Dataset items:

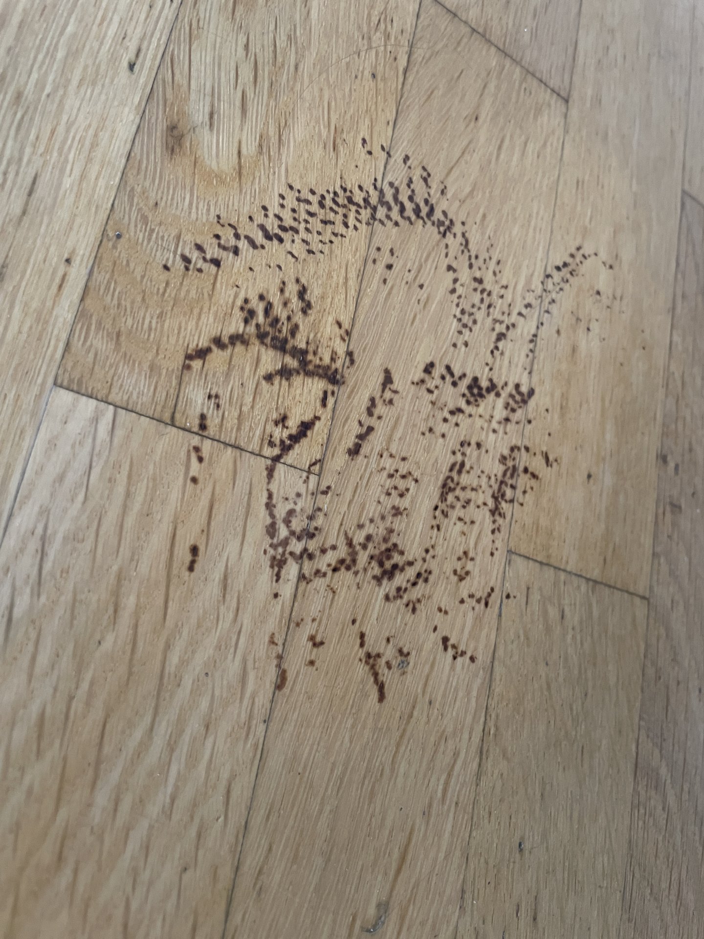 Diskutiere Braune Flecken im Parkett im Sanierung konkret Forum im Bereich Altbau; Hallo, ich habe neulich einen noch leicht feuchten Häkellappen auf dem Boden liegen lassen (und war erst einmal zwei Tage weg) und jetzt sieht es...
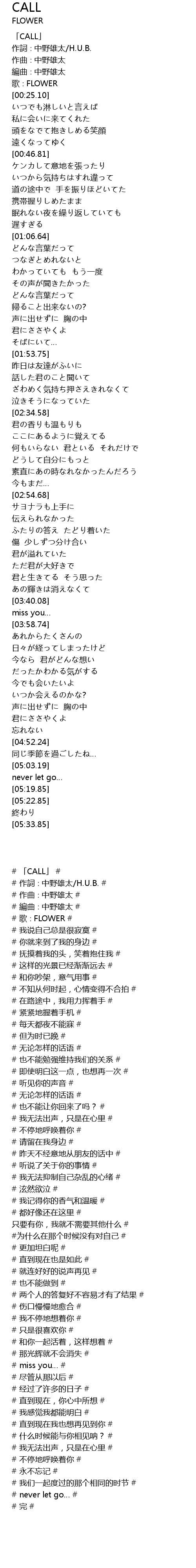 | [00:05.10] | # 作詞∶中野雄太/H.U.B. # |
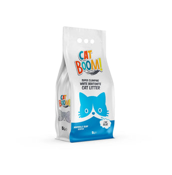# Cat Boom Clumping Cat Litter Different Scents 5L Say goodbye to litter box odors and hello to happy cats! Cat Boom's premium clumping formula locks in moisture instantly, making cleanup a breeze. Choose from our signature scent collection—each one designed to keep your home smelling fresh while your feline friend stays comfortable. The superior clumping action means less litter waste and more savings over time. Our dust-free formula is gentle on sensitive paws and respiratory systems, while the natural ingredients ensure safety for your beloved pet. Perfect for multi-cat households or single kitties who demand the best. Experience the difference that quality litter makes—your nose (and your cat) will thank you!
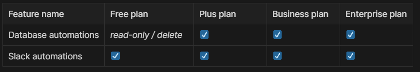 Notion database automations are native, light-weight building blocks that enable you to develop automated workflows directly from your Notion databases. As of their release, these automations are only event-based and can be applied to any database on the Notion Plus, Business, or Enterprise plan. Notion free plan users can only read/delete database automations that are part of templates they duplicated, as well as create/edit Slack automations. As explained by the Notion team: “Database automations will be available for Plus, Business, and Enterprise plan users. Users on the Free plan will be able to access database automations through templates in the Template Gallery – they will be able to use or delete automations from templates, but won’t be able to edit them. Slack automations will still be available to all users, regardless of plan type.”
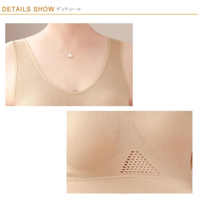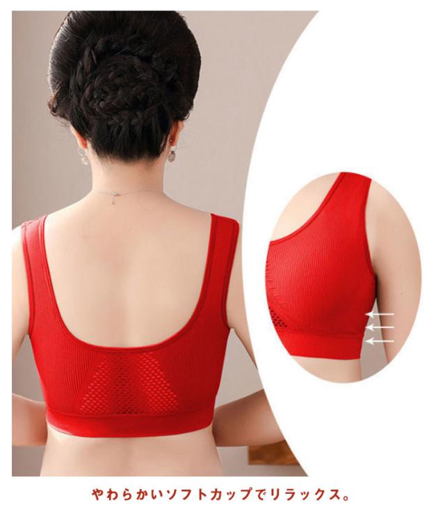 | ノンワイヤー360度ストレッチでリラックス、ノーブラ感覚のブラジャー。 着心地ゆったり、締め付けから解放されます。 ストレッチ素材でよく伸びる素材なので、身体に程よくフィットします。 伸縮性があり、肩の凝りにくい幅広肩ベルト。背カギのないかぶり着タイプ。 やわらかいソフトカップでリラックス。 アウターに響きにくく使いやすいカラー。前後アンダー部分にはメッシュスタイルで、汗じみ対策にも。 | |

(Work instructions)
The response must match the data line for line, from its first line through the line with "# Cat Boom Clumping", inclusive, and must leave out the pictures.

(Answer to the exercise)
 Diskutiere Braune Flecken im Parkett im Sanierung konkret Forum im Bereich Altbau; Hallo, ich habe neulich einen noch leicht feuchten Häkellappen auf dem Boden liegen lassen (und war erst einmal zwei Tage weg) und jetzt sieht es...
 | [00:05.10] | # 作詞∶中野雄太/H.U.B. # |
# Cat Boom Clumping Cat Litter Different Scents 5L Say goodbye to litter box odors and hello to happy cats! Cat Boom's premium clumping formula locks in moisture instantly, making cleanup a breeze. Choose from our signature scent collection—each one designed to keep your home smelling fresh while your feline friend stays comfortable. The superior clumping action means less litter waste and more savings over time. Our dust-free formula is gentle on sensitive paws and respiratory systems, while the natural ingredients ensure safety for your beloved pet. Perfect for multi-cat households or single kitties who demand the best. Experience the difference that quality litter makes—your nose (and your cat) will thank you!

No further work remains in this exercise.